Photos like this raise the question of sexual orientation.
When it comes to sexuality, transgenderism takes its own complexities a notch higher. It is amazing the nuances that exist within this community. We already mentioned the subtle but very important difference between gender identity and gender expression. Now if a transgender woman were to have sexual inclinations towards a/another woman,-keeping in mind that she is traditionally male, then is she lesbian or straight? German Lopez brilliantly broke it down when he wrote:
A common misconception is that gender identity and expression are linked to sexual or romantic attraction. But a trans person can identify as a man, even though he was assigned female at birth, and be gay (attracted to other men), straight (attracted to women), bisexual, asexual (sexually attracted to no one), or attracted to a traditionally undefined gender. Trans women, gender nonconforming people, genderqueer people, and non-binary people can also be sexually attracted to men, women, both, no one, or another preference.
Great. So it means that Denrele could really be anything from gay to lesbian to straight and even bi- or asexual (though the last is highly unlikely). To really be sure of this, one would have to know for sure what gender he identifies as. Of course, we’d also need to be sure what the gender of his love/sexual interests are.

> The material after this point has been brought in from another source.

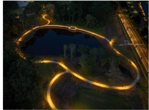
THE ARNOLD E. HOLM JR. MEMORIAL PARK SEEN HERE AT NIGHT

projects will continue to include the Utility Commission replacing 30-year old plastic water connectors with copper prior to road paving, eliminating the possibility of leaks forming under the newly paved roads. The Town's $2M request for funding school security improvements remains the largest capital project for school and community safety the Town has ever requested. The largest part of this project, the video security cameras inside and around our schools, started at the beginning of the 2024 summer.

While Denrele has actually promised on several occasions that he will get married someday, he has been just as adamant about his decision not to reveal whether he is gay or not. In this interview, Denrele declares himself a “sexual outlaw” while promising that his partner is not male nor transgender. This ambiguity could be for several reasons but our guess is that societal reaction to a declaration that he is anything other than an eccentric ‘sexual outlaw’ might have been a major consideration. The only Nigerian gay person to come out on national TV, Bisi Alimi, had to seek asylum in the United Kingdom shortly after coming out.
Nigeria might just not be ready for it. But with Nigerians who fit into the LGBTQ community showing up on screens regularly now, is it still wise to feign unawareness? The whole point of this exercise was mostly to point out the obvious likelihood that we have individuals with gender and sexual fluidity amongst us. The earlier we acknowledged this and started real conversations around it, the better. As opposed to just considering it as entertainment.
In the United States, questions like which public toilet- the male or female- a transgender person will use have become the crux of legislative battles with transgender people feeling discriminated against that they cannot use the toilet that people of the gender they identify as use (as opposed to the gender they were born as).